Frog-hunting bats have ‘cocktail party effect’ workaround

In noisy environment, hunters shift from listening for croaks to using echolocation

fringe-lipped bat

NIGHT STALKER  A fringe-lipped bat, which hunts frogs by listening for their nighttime calls, has ways of compensating when unnatural human noises get in the way.

 

Alex Lang 

An experiment with fake frogs shows how certain bats adjust their hunting technique to compensate for unnatural noises.

Humankind is loud, and research already suggests that birds alter their singing in urban noise. Now tests show that bats listening for the frogs they hunt switch from mostly quiet eavesdropping to pinging echolocating when artificial sounds mask the frog calls. That way, the bats can detect the motion of the frogs’ vocal sac poofing out with each call, researchers report in the Sept. 16 Science.

That switch in sensory tactics could make bats the only animals besides people shown to react this way to interfering din in the classic cocktail party scenario, says study coauthor Wouter Halfwerk of Vrije University Amsterdam. People straining to hear each other over the cacophony of a party can get a boost in communication by paying attention to each other’s mouth movements. He points out that watching someone’s lips lets people tolerate about an extra 20 decibels of tipsy shrieking and shouting.

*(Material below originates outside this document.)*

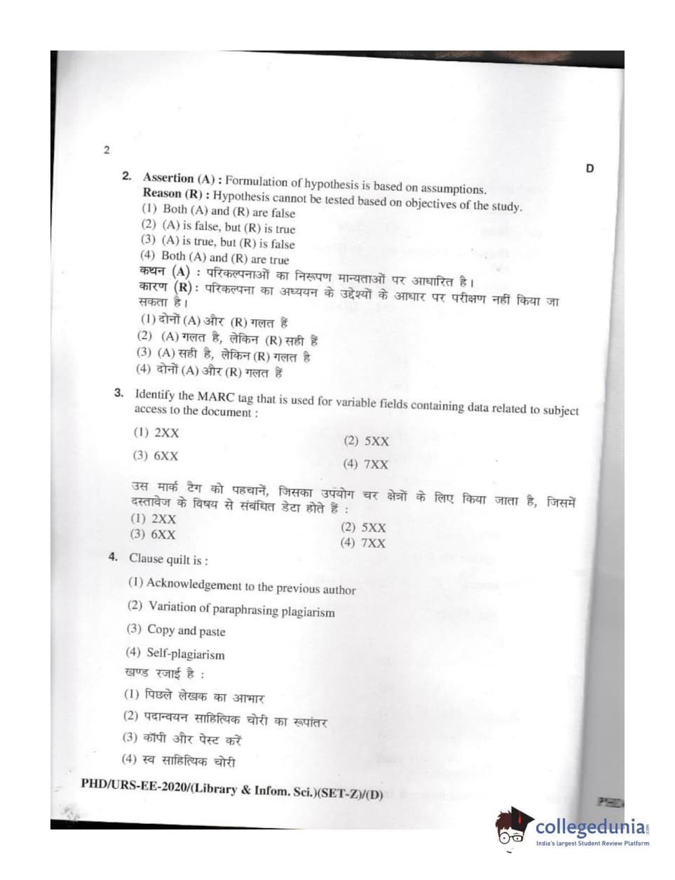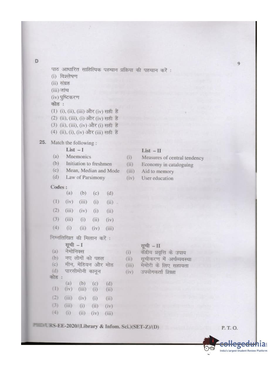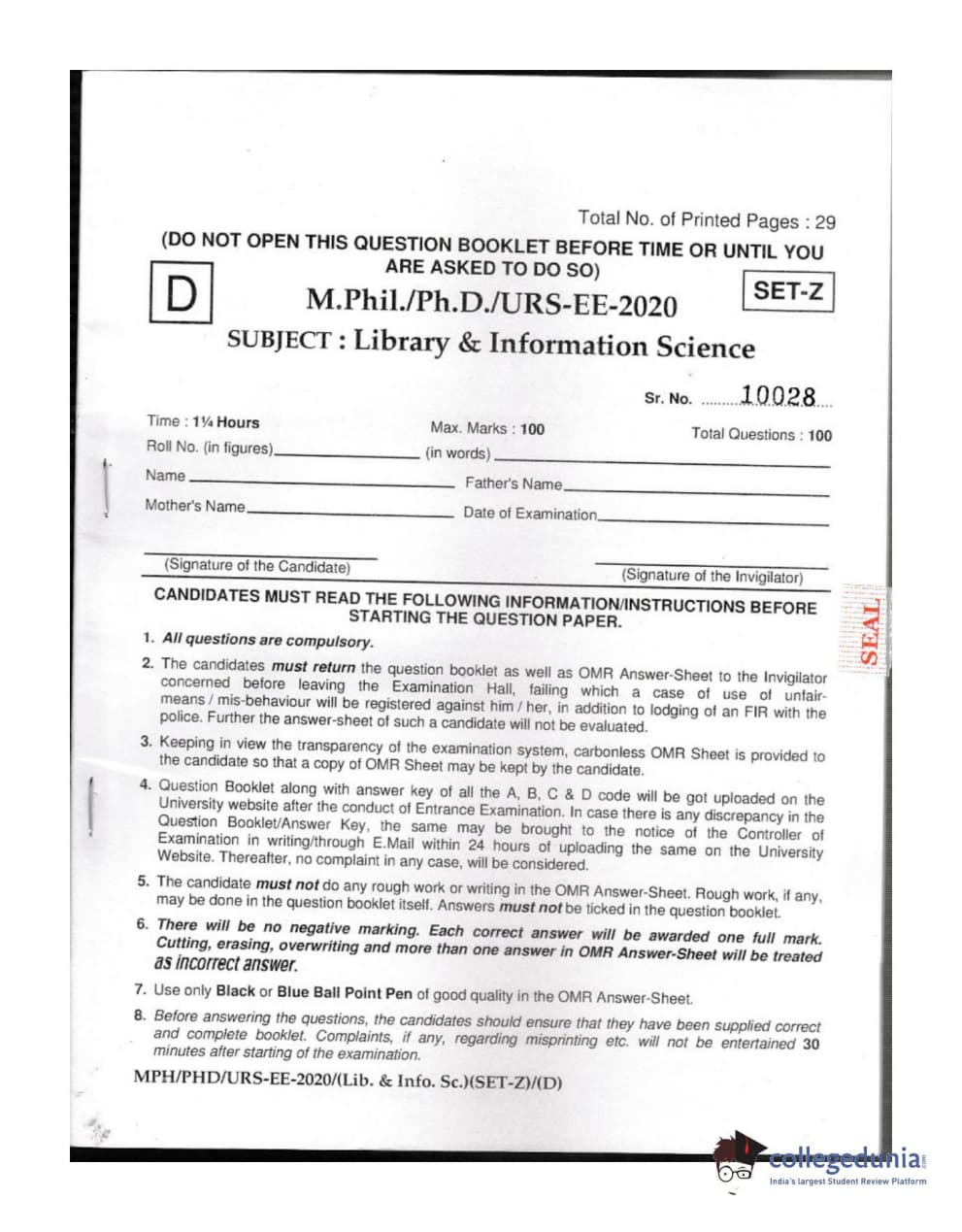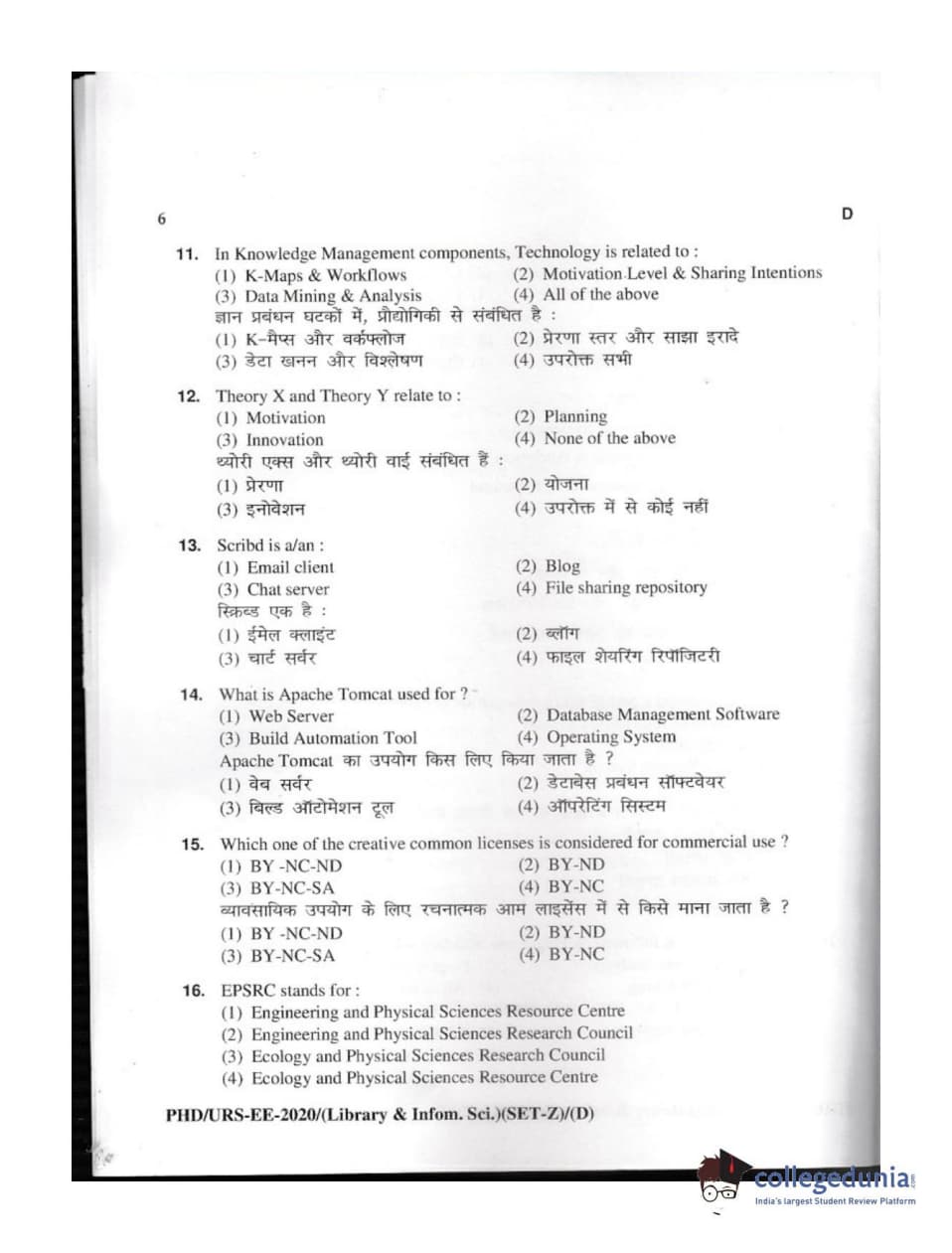 | MDUCEE 2020 M.Phil/Ph.D/URS - Library and Information Science Set D Question Paper PDF | MDUCEE 2020 M.Phil/Ph.D/URS - Library and Information Science Set D Answer Key PDF |

Conservation biologists worry about the effects of human racket on other residents of the planet. Other researchers, for instance, found that noise interfered with pallid bats’ success in hunting insects on the wing. The fringe-lipped bats (Trachops cirrhosus) in the new study, however, specialize in frogs instead of insects. Hungry bats listen to frog choruses and swoop out of the darkness to carry off a male chirping his advertisements for a mate. “A talking pickle” is what Halfwerk calls the frog.

BAT VERSUS ROBOFROG In an experiment, a tiny robotic frog, inflating its fake vocal sac in time with recorded and broadcast calls, lures a fringe-lipped bat into an attempted strike. Rachel Moon
Researchers tested 12 wild-caught bats in outdoor flight cages in Panama. Bats perching (upside down, of course) in cages were perfectly willing to make a grab at robotic frogs deployed in the cages. The robofrogs, modeled by an artist on the túngara species the bats naturally hunt, sit motionless but can on command start inflating a specially constructed balloon in time with broadcast calls.

In this setup, interfering noise changed normal hunting. When researchers broadcast sounds that partially masked the main frequency of telltale frog calls, bats waited longer than normal to strike and also strongly preferred pouncing on a robofrog that was inflating his sac instead of an identical frog squatting nearby with a deflated sac. Recordings of bat noises from the perch showed that the hunters were pinging fast echolocation sounds instead of mostly listening for the pickle to betray its location.

Even with the strategy switch, the bats aren’t completely making up for the noise nuisance, Jinhong Luo at Johns Hopkins University points out. A sensory biologist, he has tested noise effects on other bats but was not involved in this project. Looking at the new data, he notes that frog-eating bats in echolocating mode are slower to leave their perches and swoop than bats in eavesdropping mode. He also cautions about generalizing to the other 1,300-plus bat species. Many of them are already using echolocation to hunt insects and may not have a backup prey-finder method when noise complicates their foraging.